This was clear from way before he got the nomination. Remember his statement that he'd index the minimum wage to inflation during the primary? Romney's not a free market guy.

At the same time I don't agree with Republicans or conservatives dismissing the argument that people who are net tax RECEIVERS are likely to vote for Obama and the Democrats. Many people will vote on their short-term self interest. The fact that Obama has been trying to radically expand the food stamp program and other welfare benefits and market them aggressively to more people should tell you that. He wouldn't be doing it if it didn't benefit him politically.

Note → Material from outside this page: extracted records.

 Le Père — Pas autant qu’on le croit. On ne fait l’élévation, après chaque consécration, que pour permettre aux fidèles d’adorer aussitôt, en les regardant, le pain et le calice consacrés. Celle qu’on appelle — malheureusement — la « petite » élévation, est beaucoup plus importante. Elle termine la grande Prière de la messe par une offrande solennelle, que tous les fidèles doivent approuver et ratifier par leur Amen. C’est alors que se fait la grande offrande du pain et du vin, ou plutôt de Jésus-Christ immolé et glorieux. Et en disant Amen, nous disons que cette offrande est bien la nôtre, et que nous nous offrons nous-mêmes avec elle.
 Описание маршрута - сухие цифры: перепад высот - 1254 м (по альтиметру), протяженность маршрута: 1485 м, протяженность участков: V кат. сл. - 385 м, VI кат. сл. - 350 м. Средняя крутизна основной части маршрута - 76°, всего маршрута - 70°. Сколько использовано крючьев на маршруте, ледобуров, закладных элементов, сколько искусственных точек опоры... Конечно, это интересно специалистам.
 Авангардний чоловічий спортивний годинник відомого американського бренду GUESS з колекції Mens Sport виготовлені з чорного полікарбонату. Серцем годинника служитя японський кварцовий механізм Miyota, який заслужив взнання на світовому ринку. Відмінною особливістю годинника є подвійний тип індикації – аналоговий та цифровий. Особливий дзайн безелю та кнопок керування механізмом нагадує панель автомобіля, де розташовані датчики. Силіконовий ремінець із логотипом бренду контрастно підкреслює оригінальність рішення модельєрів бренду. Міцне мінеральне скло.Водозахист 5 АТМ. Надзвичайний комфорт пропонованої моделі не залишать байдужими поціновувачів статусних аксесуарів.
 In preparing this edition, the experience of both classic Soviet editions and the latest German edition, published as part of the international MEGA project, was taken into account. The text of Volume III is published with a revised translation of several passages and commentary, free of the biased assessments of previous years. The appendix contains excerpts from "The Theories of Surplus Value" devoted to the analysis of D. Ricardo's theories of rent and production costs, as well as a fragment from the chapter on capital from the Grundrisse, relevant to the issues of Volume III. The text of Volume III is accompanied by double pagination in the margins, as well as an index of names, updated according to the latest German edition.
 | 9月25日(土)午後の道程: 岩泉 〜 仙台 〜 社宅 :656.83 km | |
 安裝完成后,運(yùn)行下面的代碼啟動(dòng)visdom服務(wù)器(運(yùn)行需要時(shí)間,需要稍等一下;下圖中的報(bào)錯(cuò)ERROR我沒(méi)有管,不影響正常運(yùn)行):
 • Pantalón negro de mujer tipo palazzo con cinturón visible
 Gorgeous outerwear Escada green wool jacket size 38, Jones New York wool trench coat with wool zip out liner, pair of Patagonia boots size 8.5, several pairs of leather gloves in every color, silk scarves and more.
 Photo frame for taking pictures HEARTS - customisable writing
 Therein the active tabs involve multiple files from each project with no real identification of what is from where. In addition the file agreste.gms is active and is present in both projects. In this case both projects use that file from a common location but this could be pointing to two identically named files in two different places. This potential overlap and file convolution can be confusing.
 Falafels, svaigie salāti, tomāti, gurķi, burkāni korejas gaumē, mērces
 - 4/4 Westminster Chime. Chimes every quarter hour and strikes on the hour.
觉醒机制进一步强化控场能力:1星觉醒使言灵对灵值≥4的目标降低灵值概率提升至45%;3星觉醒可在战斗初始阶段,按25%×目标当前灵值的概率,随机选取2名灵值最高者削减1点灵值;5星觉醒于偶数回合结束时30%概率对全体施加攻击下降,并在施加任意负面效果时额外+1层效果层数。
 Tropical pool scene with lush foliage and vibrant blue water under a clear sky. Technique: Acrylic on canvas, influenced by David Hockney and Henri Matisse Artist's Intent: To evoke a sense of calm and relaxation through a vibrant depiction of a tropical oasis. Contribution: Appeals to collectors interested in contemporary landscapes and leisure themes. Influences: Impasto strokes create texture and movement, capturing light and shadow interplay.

Stopping the expansion of these welfare programs should remain a high priority for conservatives. And we have to do all we can to explain why our policies are economically better for everyone in the long-term. But there's only so much we'll be able to do to combat human nature and its tendency to favor short-term benefits over long-term. Which means we need to do everything we can to stop the expansion of the welfare state even if it damages us in the short-term. Caving in on it is pointless, because as Laura Ingraham smartly points out, it would just launch a bidding war with the Democrats, who would offer bigger and better welfare benefits than us every time.

12 posted on 11/20/2012 12:52:32 PM PST by JediJones (Newt Gingrich warned us that the "King of Bain" was unelectable. Did you listen?)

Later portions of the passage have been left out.